The architects who designed the spherical exterior wanted the inside to be just as dynamic. They recommended that the Naismith Memorial Basketball Hall of Fame hire, not traditional museum designers, but a company that designs sets for Broadway shows. The idea was to create a "theater" of basketball history.
The most dramatic element is the domed ceiling. Rows of Hall-of-Famer photos create a halo-like ring in the basketball heavens. They peer down upon a full-size basketball court that is the centerpiece and grand concourse for the $45 million museum.
John Doleva, president of the Basketball Hall of Fame, says the goal is to immerse visitors in learning about and experiencing the game. They are encouraged to grab a ball, get out on the museum's court, and break a sweat if they're inspired to try to emulate their heroes.
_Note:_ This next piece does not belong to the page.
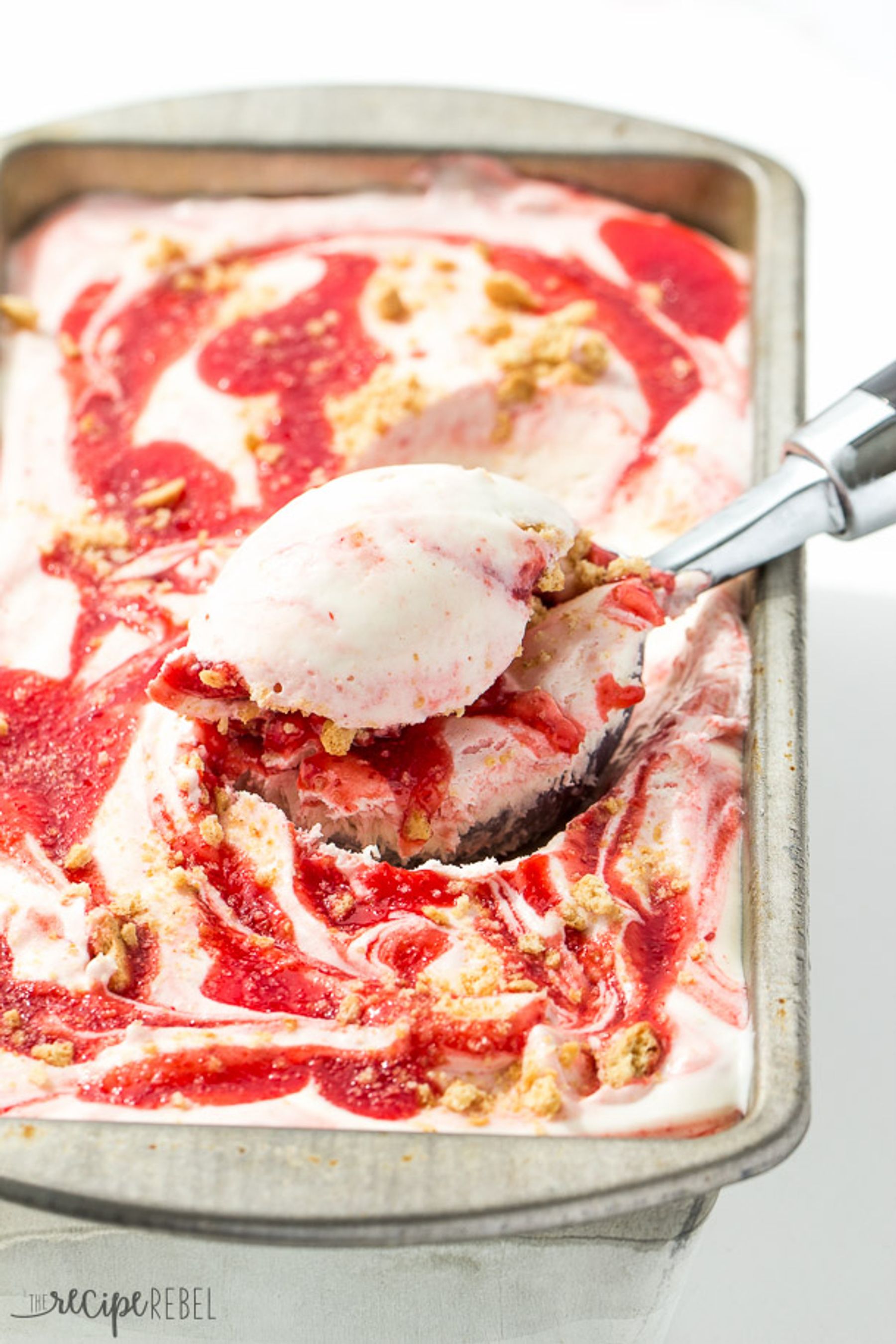 Smooth, creamy No Churn Cherry Cheesecake Ice Cream made with only 5 ingredients! Cherry Cheesecake ice cream was always one of my favorites growing up, and I think this homemade version is even better than the ice cream parlour! Mix up the pie filling flavor to easily customize.

Today's museums, Mr. Doleva says, are about "edu-tainment," combining education and entertainment. Entertainment is important in a world where museums compete with TV, the Internet, and video games.
Planning the museum took a long time. A committee of a dozen basketball people hammered out the details over 18 months in meetings with designers and engineers.
The planners studied other museums, including two in Washington, D.C. For tips on using interactive electronic equipment, they looked at the Newseum, a news museum. For inspiration on how to craft exhibits with impact, they went to the Holocaust Museum. Committee members also experienced the reverential atmosphere at other sports museums. Visiting the Baseball Hall of Fame in Cooperstown, N.Y., "was like walking into a church," Doleva says.
Basketball fans were also consulted in small groups. They were especially keen on being mentally transported back to different eras in basketball history.
So the game's early history is chronicled in a gallery that resembles the college gym in which basketball was first played. Next door, a marquee conjures up the electric atmosphere of games in New York's Madison Square Garden in the 1950s.
Scattered throughout the exhibit areas are interactive displays and skills challenges. After learning about the game's great players, for example, visitors can test their own rebounding or reaction time.
Besides having the hall be an active and reverent place, designers wanted it to accommodate a variety of events. The center court can host autograph sessions, lectures, business meetings, and pickup games.
The Springfield Spirit, a women's pro team, holds practices there on Tuesday nights. Kids are invited onto the court to meet players and hone skills.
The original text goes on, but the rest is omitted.